# Holga snaps from Greece



## Meysha (Aug 8, 2005)

Testing out the Holga in Greece, I managed to not completely destroy the film. Yay! :cheer: They're not exactly Snapshots in my eyes, but coz I never knew if they were going to work out or not, I stuck em here.
I'm just so proud that these photos turned out at all. Despite a huge light leak on one of the pics - but hey that happens. Now I've put a roll of colour MF film in the Holga and I can't wait to see how they turn out.

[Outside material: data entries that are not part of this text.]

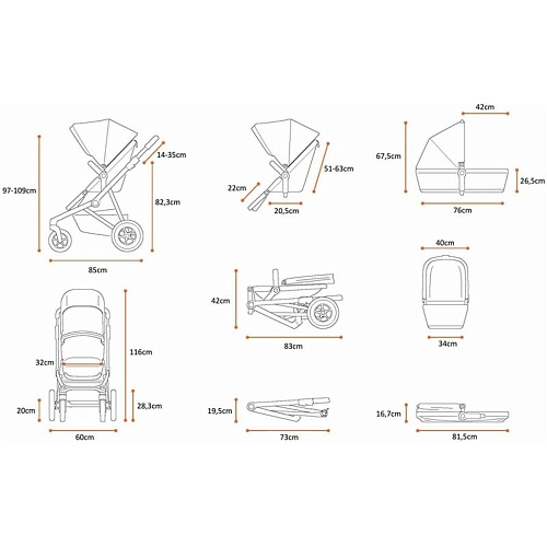 Розміри | Коляска з прогулянковим блоком: 1090 х 850 х 823 мм • прогулянковий блок: 630 х 205 мм • люлька: 760 х 675 х 265 мм • внутрішні розміри люльки: 400 х 340 мм • складена рама з прогулянковим блоком: 830 х 420 мм |
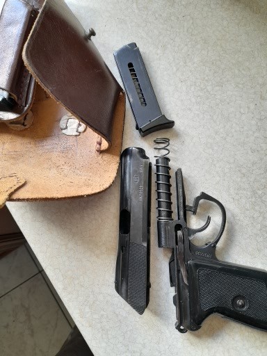 Opis: P-64 Radom kal.9milimetrów,rok 1968,stan broni-moim zdaniem -fabryczny,lufa lustro.2magazynki kabura.
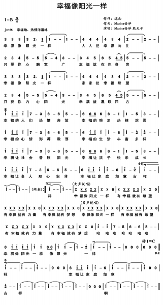 节奏明丽、旋律清新、歌词简单、演唱深情,《幸福像阳光一样》由杨洋作曲、道山作词,并由熊天平、杨洋这对乐坛贤伉俪共同演唱。
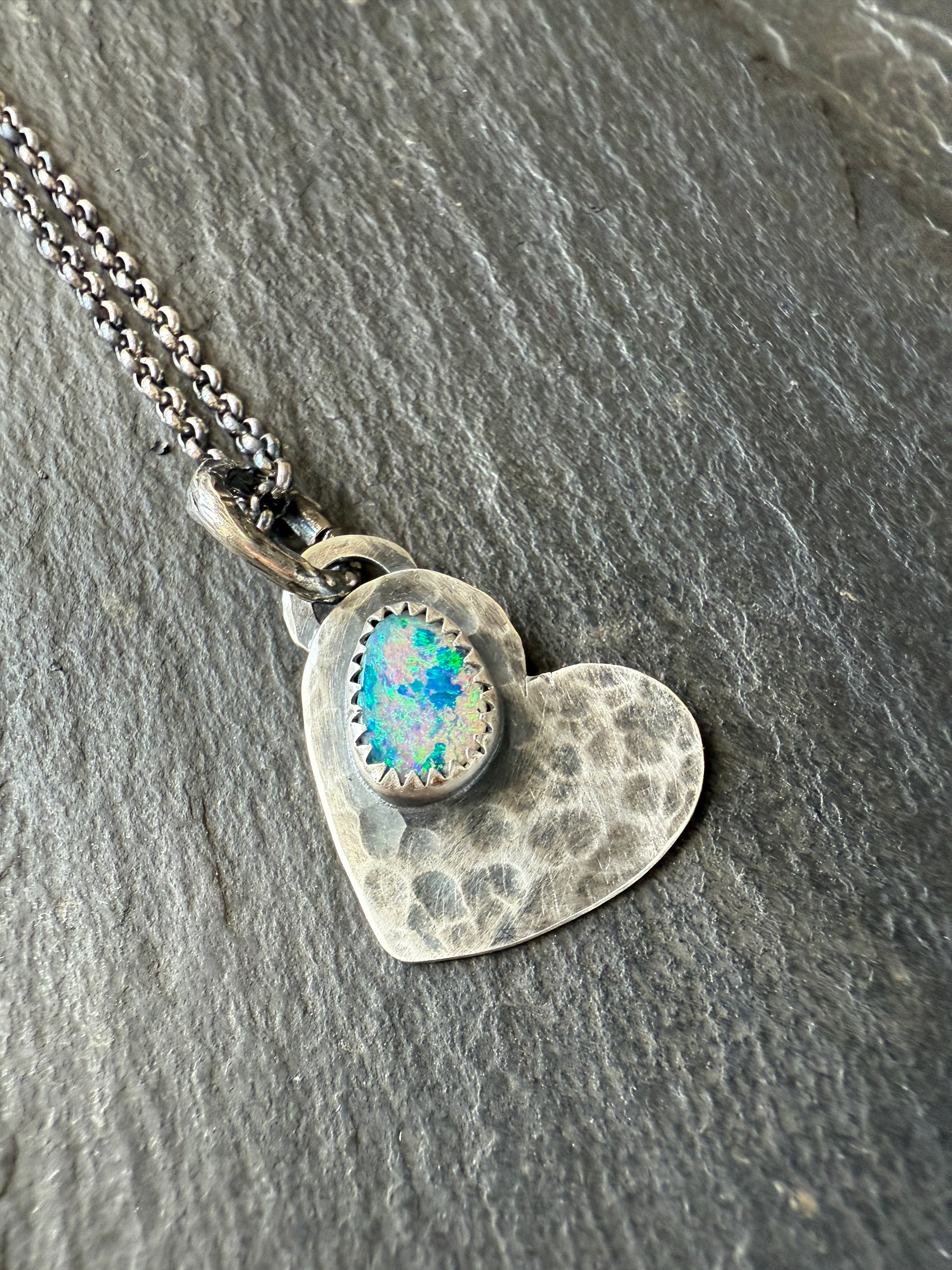 Featuring a hand fabricated sterling heart charm with a dainty boulder opal. This little beauty hangs from a rustic sterling link and a lightly oxidised sterling silver chain of 16 inches. This stone has blue and green colour play.

So here they are...... I present to you.... Greece through the lens of a Holga! :cheer:

1. 






2.





3.





4.





5. (some of you might recognise this, coz I posted a colour version of this winery lookout a little while ago, but it was from a slightly different angle)





6.





7. And lucky last... the Temple of Zeus.





Thanks for looking, and feel free to leave any comments or critique.


----------



## terri (Aug 9, 2005)

These kick ass, Vicky. :thumbup: I am really partial to the first and second ones. 

Nice series, good work!


----------



## Christie Photo (Aug 9, 2005)

LOVE view#6!  Good Holga application.


----------



## snownow (Aug 9, 2005)

They rock  Great shots


----------



## elsaspet (Aug 9, 2005)

Those are AWESOME!!!!!!!!!!!!!


----------



## John the Greek (Aug 10, 2005)

Looks like you went to Santorini?


----------



## Meysha (Aug 10, 2005)

Yep! Santorini was excellent! I absolutely fell in love with the place. But I wouldn't want to stay there for too long - too many tourists.... and the wine I had there wasn't very nice. But ah well. The buildings were amazing!


----------



## Alison (Aug 10, 2005)

Really nice series. I love #2 & 6. Makes me want a Holga now!


----------